The new upgrades would allow for two-way bike traffic to flow between Dearborn and Plymouth, limiting the potential for collisions between cyclists and drivers.
On Harrison Street, the protected bike lanes will have concrete curbs added for extra safety while maintaining access to alleys, driveways, and streets. New wayfinding signage would also be added.
Work on Polk Street and Harrison Street upgrades started this week. Both should be completed by early June.
The bike lane upgrades are part of the Chicago Streets for Cycling Plan 2020, a 2011 initiative spearheaded by outgoing mayor Rahm Emanuel to implement and improve bicycling infrastructure in the city.
“We want the street to communicate to everybody where they should be, and how they can get around comfortably and safely,” Smith said.
Traffic in front of the Greyhound Station on Harrison would also improve with the installation of a curb along the eastbound lane, Smith said.
While some residents were still not 100 percent thrilled with the plan—including Ald. King—everyone agreed that having some safety measures was better than having nothing at all.
“This is a pretty good proposal. It could be better, in my opinion, but let’s see if it works. If not, we can go back to the drawing board,” King told residents shortly before concluding the meeting.
Victor Powell, who owns Powell Photography on South Plymouth, told Block Club Chicago that he’s seen his fair share of near-collisions over the last 20 years because of the lack of bike-friendly infrastructure.
“It’s not perfect, but it’s a start. Something is better than nothing,” said Powell, who added that he occasionally bikes around the area. “Drivers and bikers have to respect each other. Some light enforcement of the law will minimize issues.”

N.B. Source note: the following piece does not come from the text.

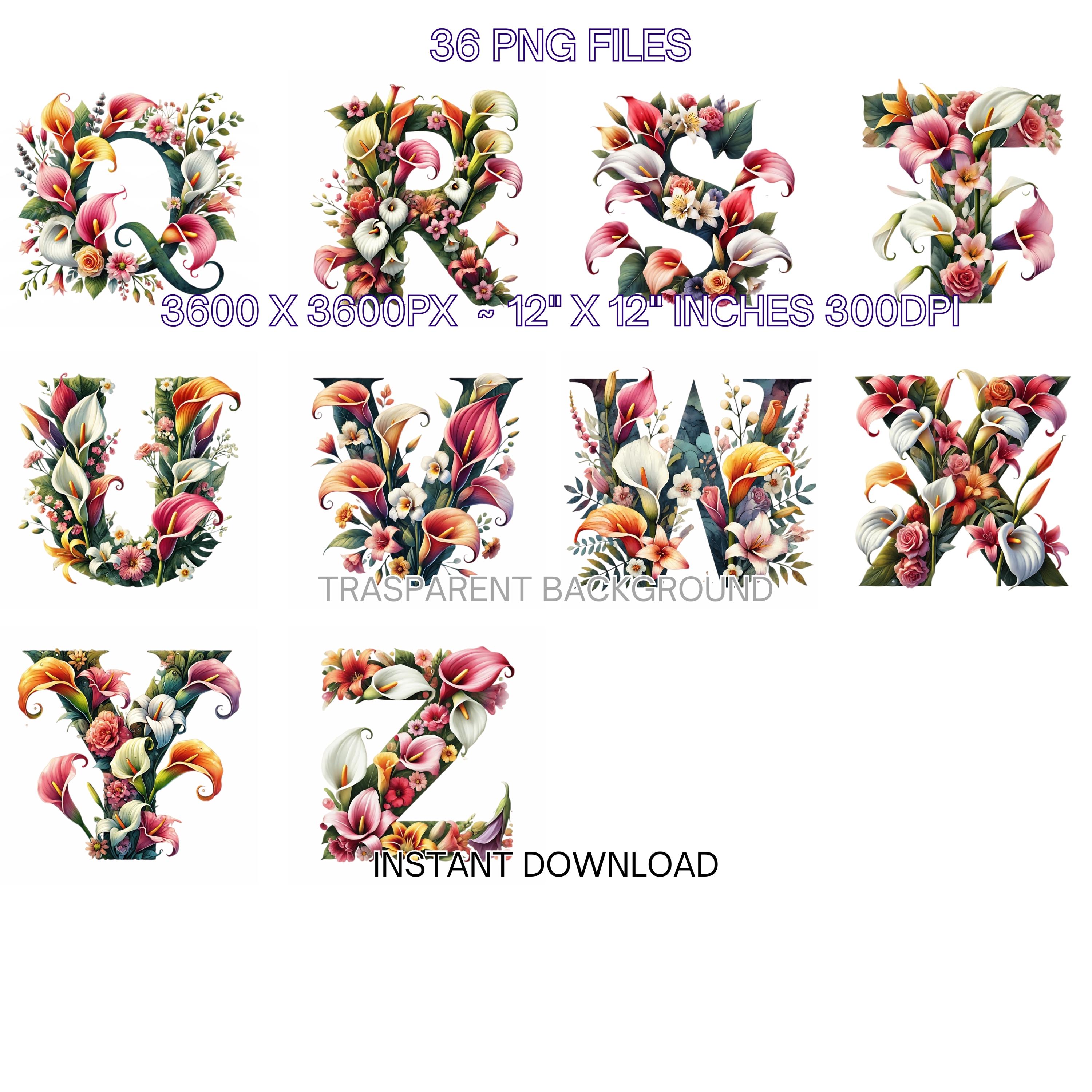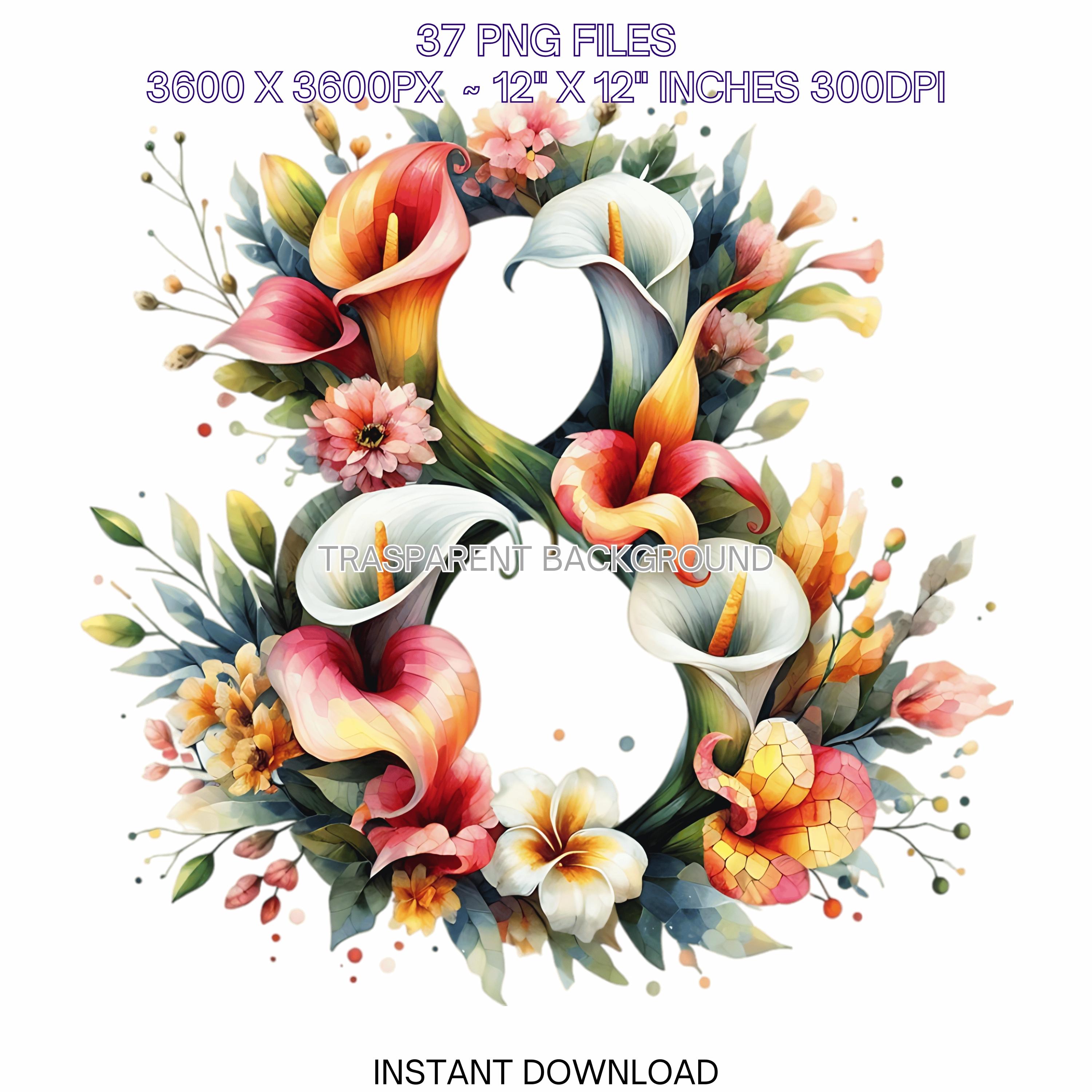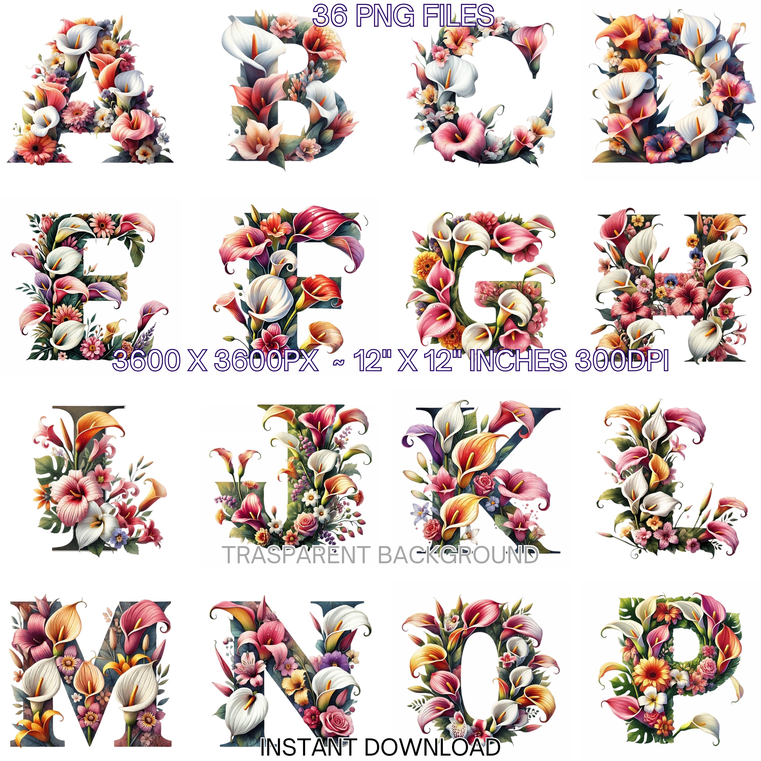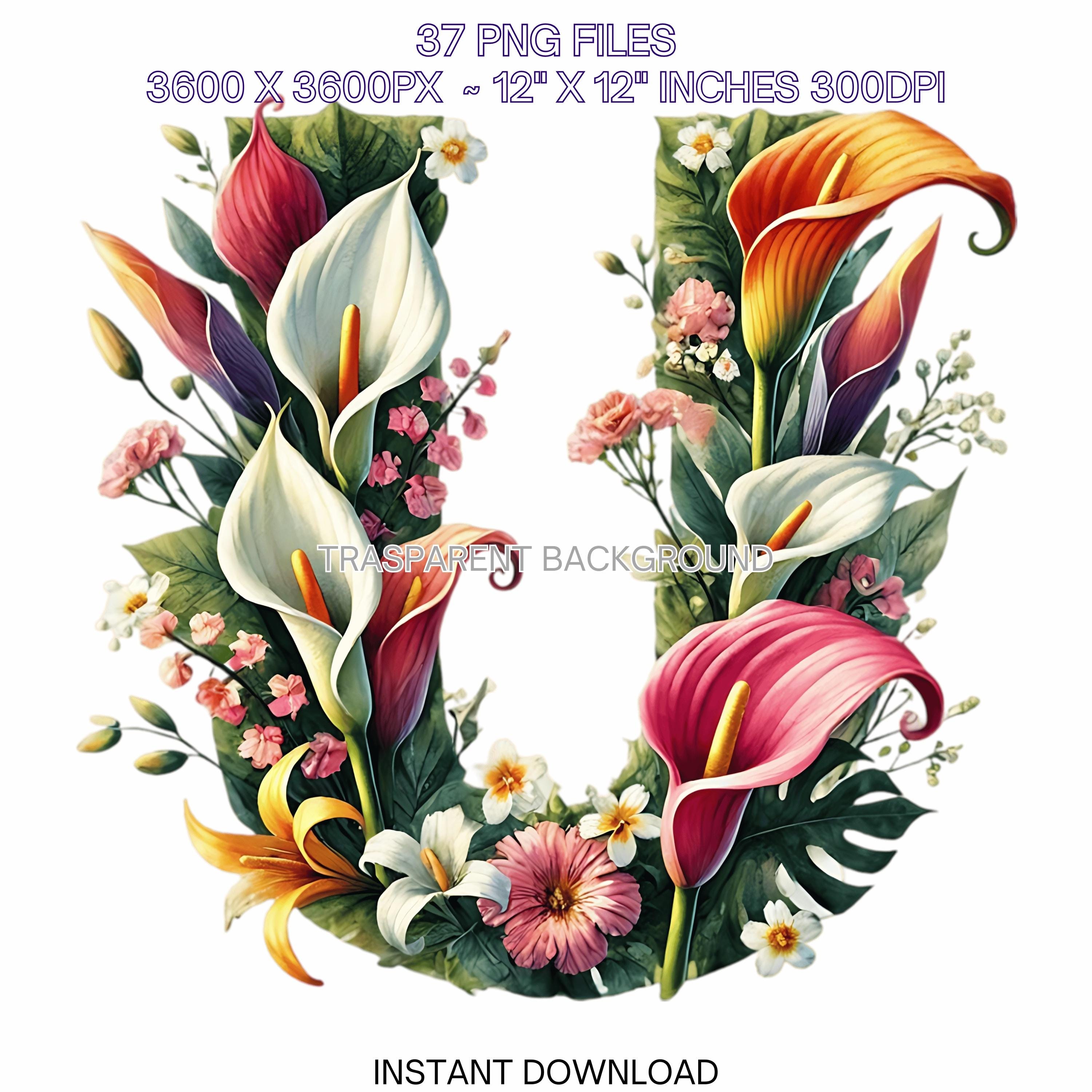 Flowers Alphabet PNG | 37 Watercolor Calla Lily Flowers Letters, Numbers for Invitation Cards Clipart | Full English Alphabet Commercial Use is an eye-catching, high-resolution digital asset designed for creators, crafters, teachers, and small business owners looking to elevate their visuals.
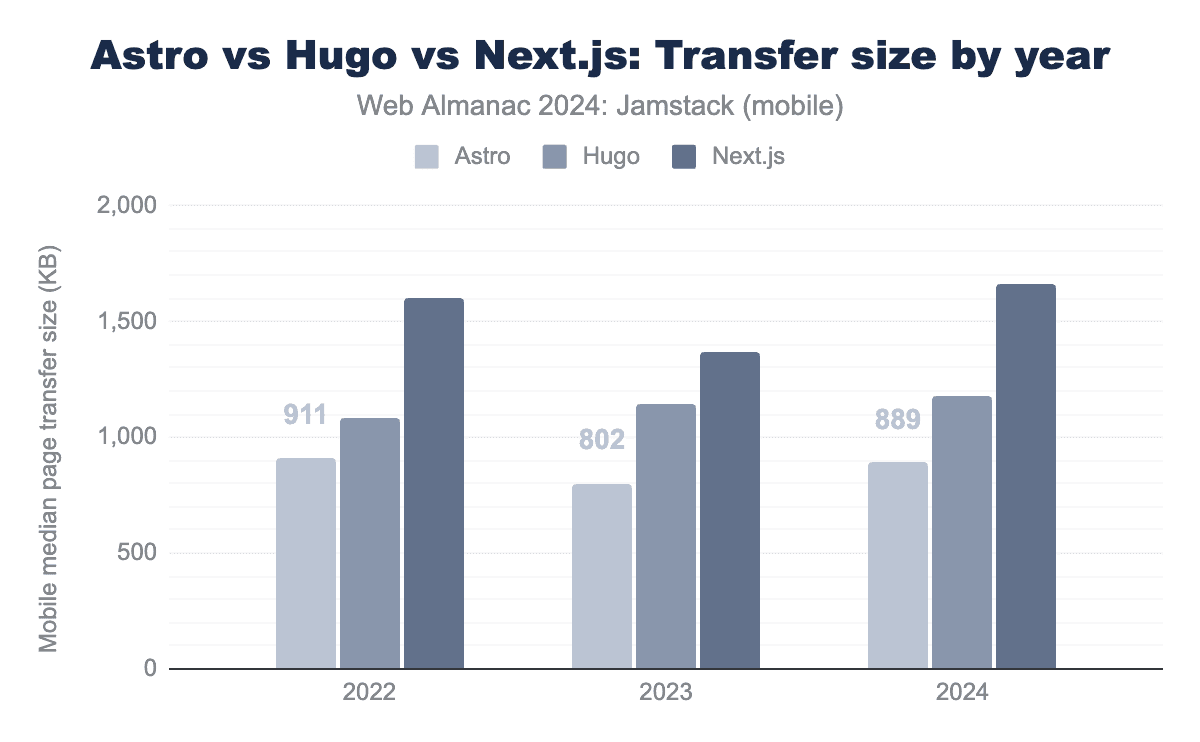 Figure 14.15. Astro vs Hugo vs Next.js: Transfer size by year.

Josh Ellis, a South Loop resident and board member of Greater South Loop Association, also supported the plan, though he preferred the one laid out by CDOT two years ago.
“The options for clearly delineating appropriate pathways for cyclist versus driver was stronger then. I’m concerned we watered down the proposal,” Ellis said. “If you want to make cycling and walking safe, you need clear delineation of appropriate space. The fact that there’s no striping down Plymouth and 9th is a shortcoming.”
The original proposal did call for new bike lanes on 9th from Dearborn to Michigan Avenue, but CDOT said ultimately the street wasn’t wide enough for a dedicated bike lane.
“If we’re serious about protecting cyclists, we need to figure out how they can go further south on Plymouth, and not have to go on State and Wabash for a longer distance,” Ellis said. “Maybe they can go down to 18th Street, where they can connect to another pathway. There are other options to keep working on in the future, but I’m glad we’re moving forward with something.”